• **What is expected**
With the exception of the pictures, transcribe the entire listing exactly.

• **Data block**
::::::
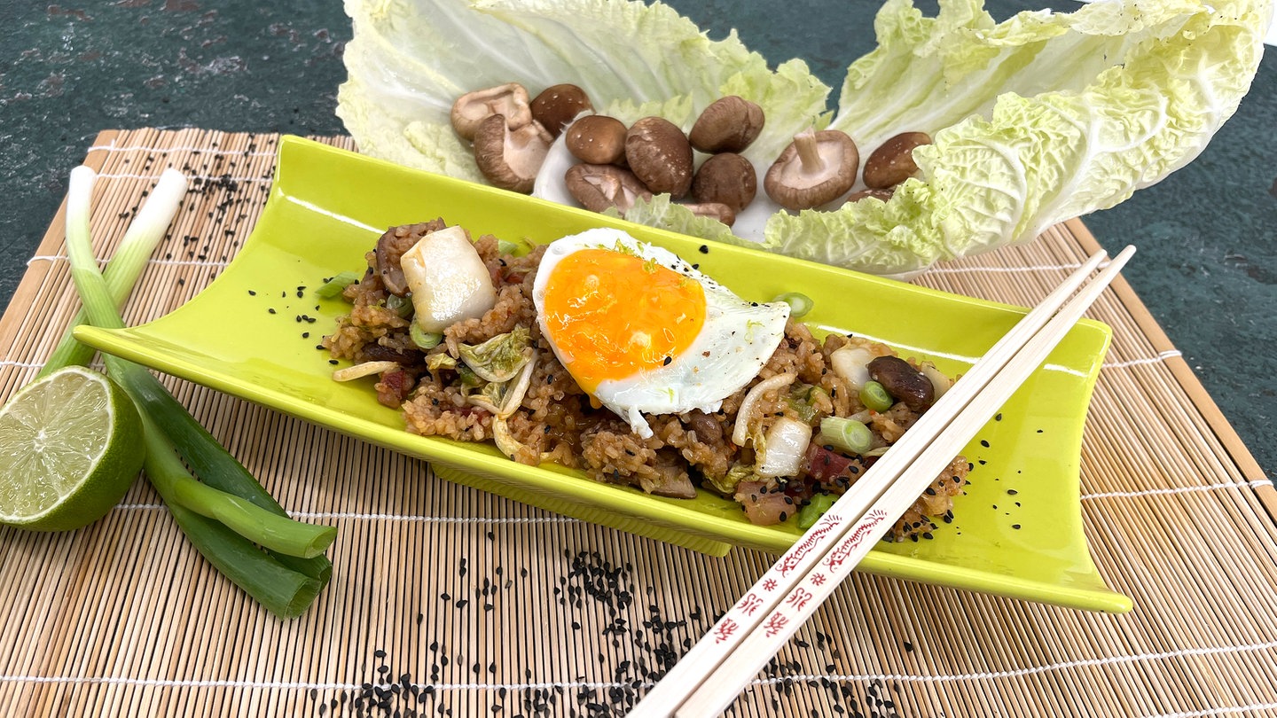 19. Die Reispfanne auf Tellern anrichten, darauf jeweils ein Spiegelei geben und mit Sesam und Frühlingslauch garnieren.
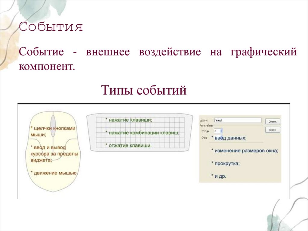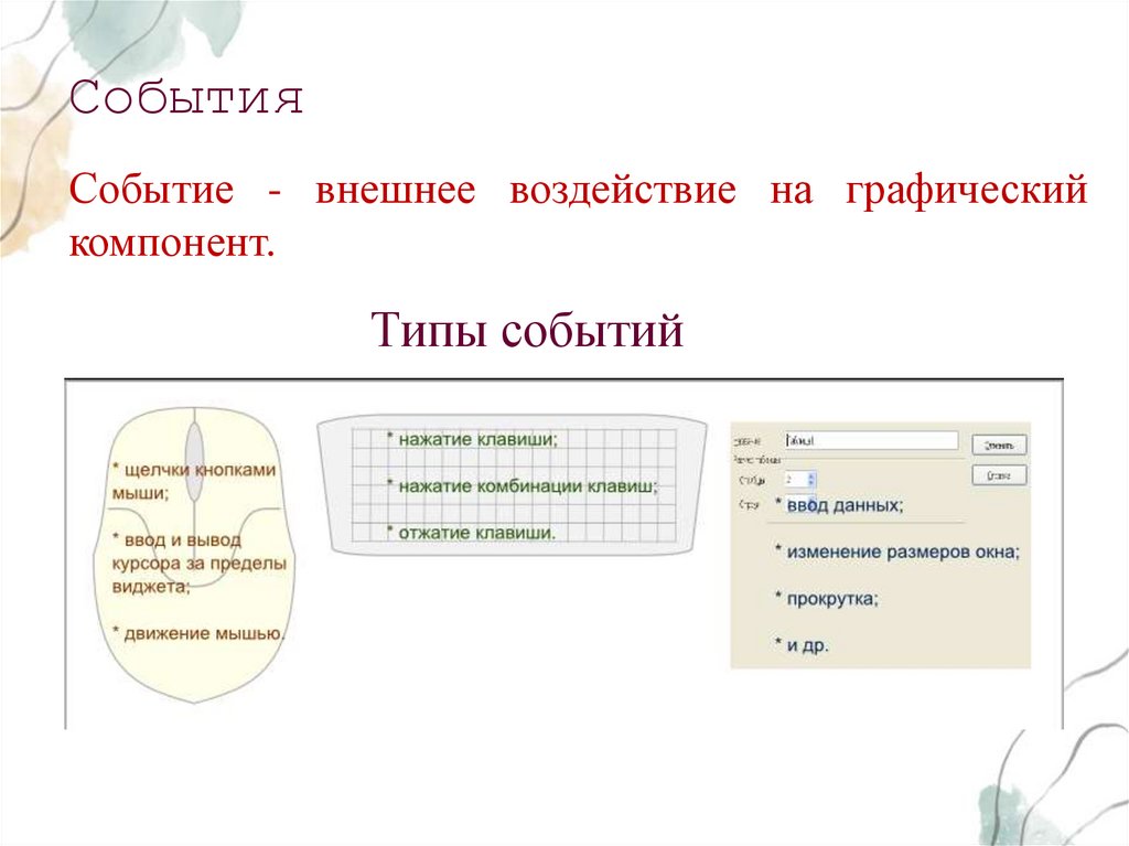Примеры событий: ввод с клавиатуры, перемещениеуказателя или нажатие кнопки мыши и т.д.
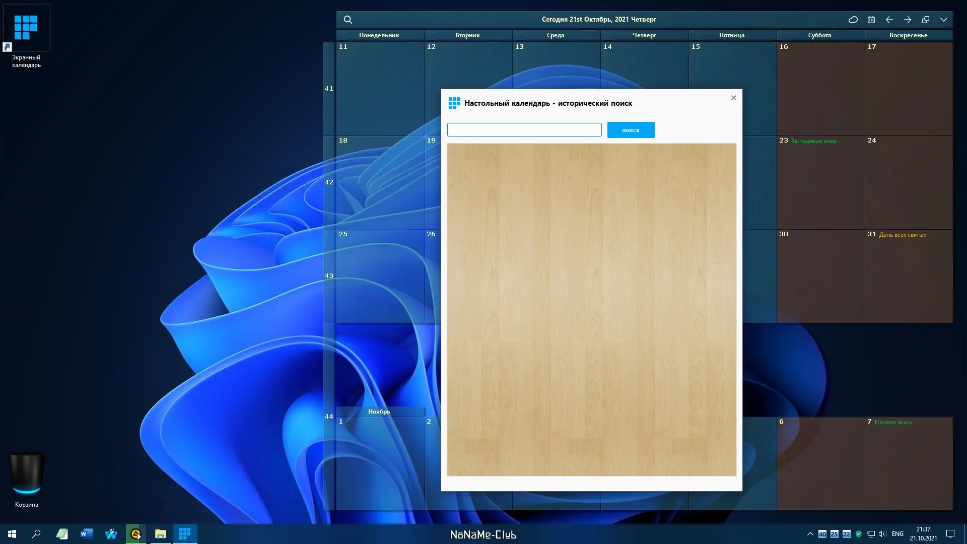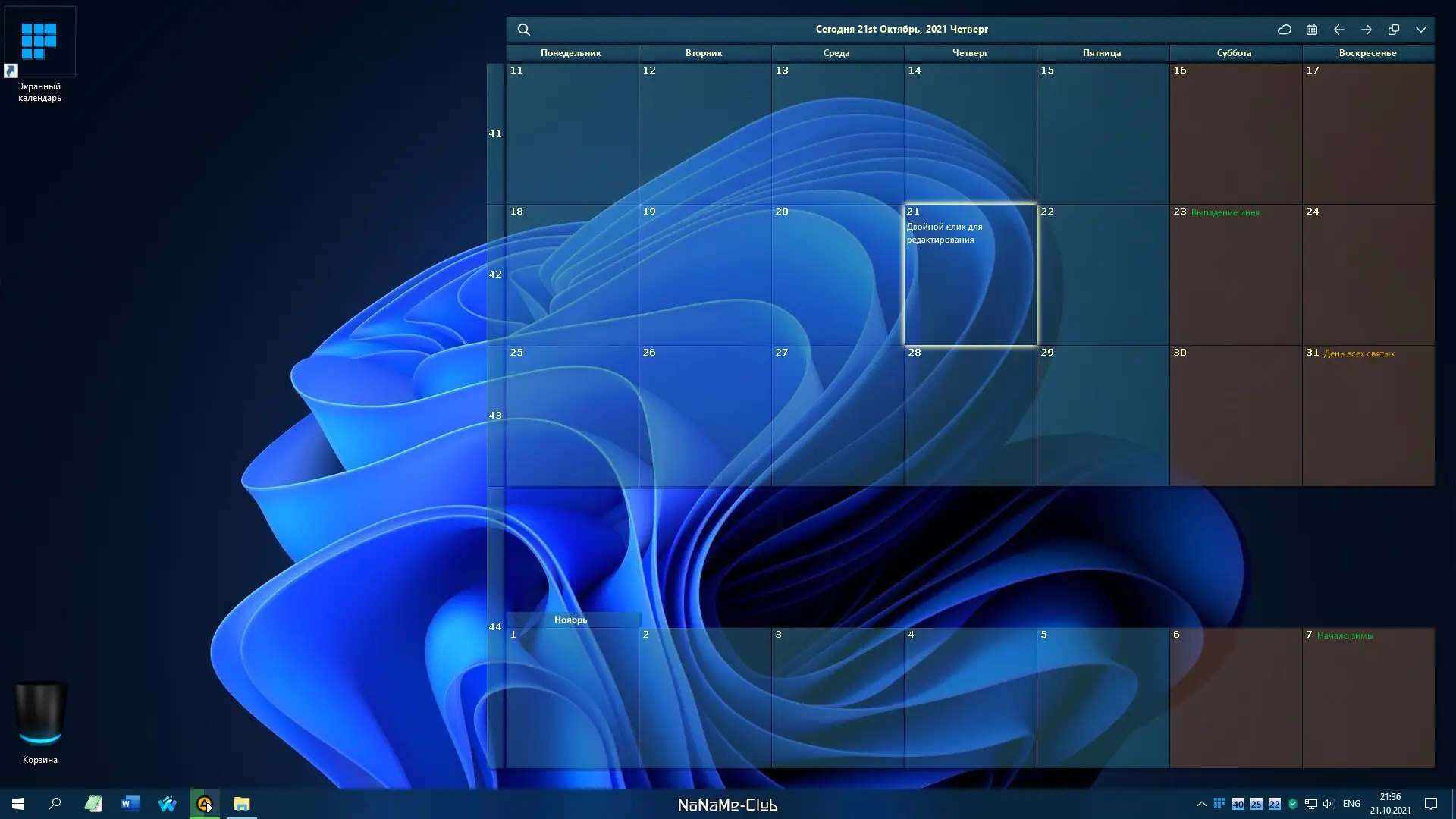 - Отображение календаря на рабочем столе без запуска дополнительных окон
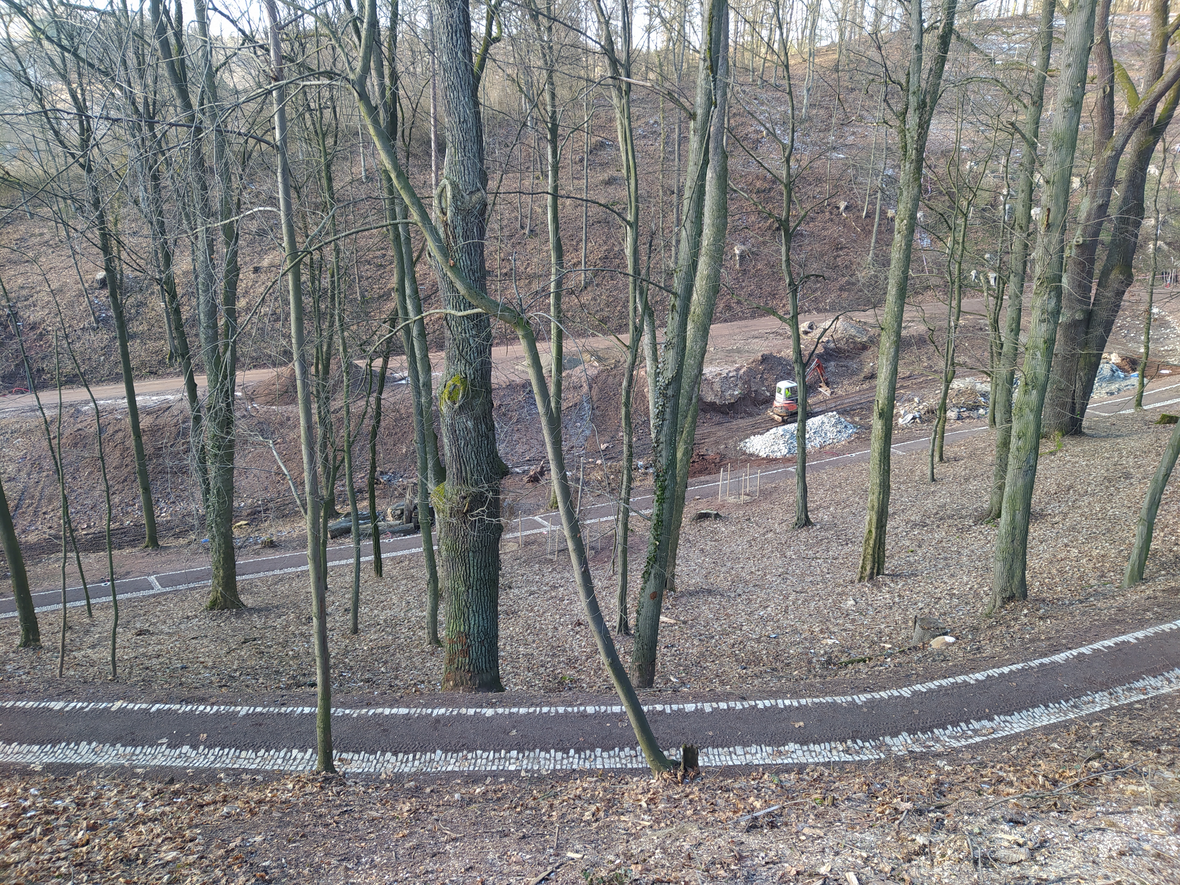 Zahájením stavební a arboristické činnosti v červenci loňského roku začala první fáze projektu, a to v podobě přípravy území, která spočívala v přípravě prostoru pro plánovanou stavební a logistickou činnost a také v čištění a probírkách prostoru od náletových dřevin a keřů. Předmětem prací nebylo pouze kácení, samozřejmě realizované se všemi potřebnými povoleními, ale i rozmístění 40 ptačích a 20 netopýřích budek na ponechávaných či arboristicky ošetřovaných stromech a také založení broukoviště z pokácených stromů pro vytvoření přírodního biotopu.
::::::
• **Task solution**
 19. Die Reispfanne auf Tellern anrichten, darauf jeweils ein Spiegelei geben und mit Sesam und Frühlingslauch garnieren.
Примеры событий: ввод с клавиатуры, перемещениеуказателя или нажатие кнопки мыши и т.д.
 - Отображение календаря на рабочем столе без запуска дополнительных окон
 Zahájením stavební a arboristické činnosti v červenci loňského roku začala první fáze projektu, a to v podobě přípravy území, která spočívala v přípravě prostoru pro plánovanou stavební a logistickou činnost a také v čištění a probírkách prostoru od náletových dřevin a keřů. Předmětem prací nebylo pouze kácení, samozřejmě realizované se všemi potřebnými povoleními, ale i rozmístění 40 ptačích a 20 netopýřích budek na ponechávaných či arboristicky ošetřovaných stromech a také založení broukoviště z pokácených stromů pro vytvoření přírodního biotopu.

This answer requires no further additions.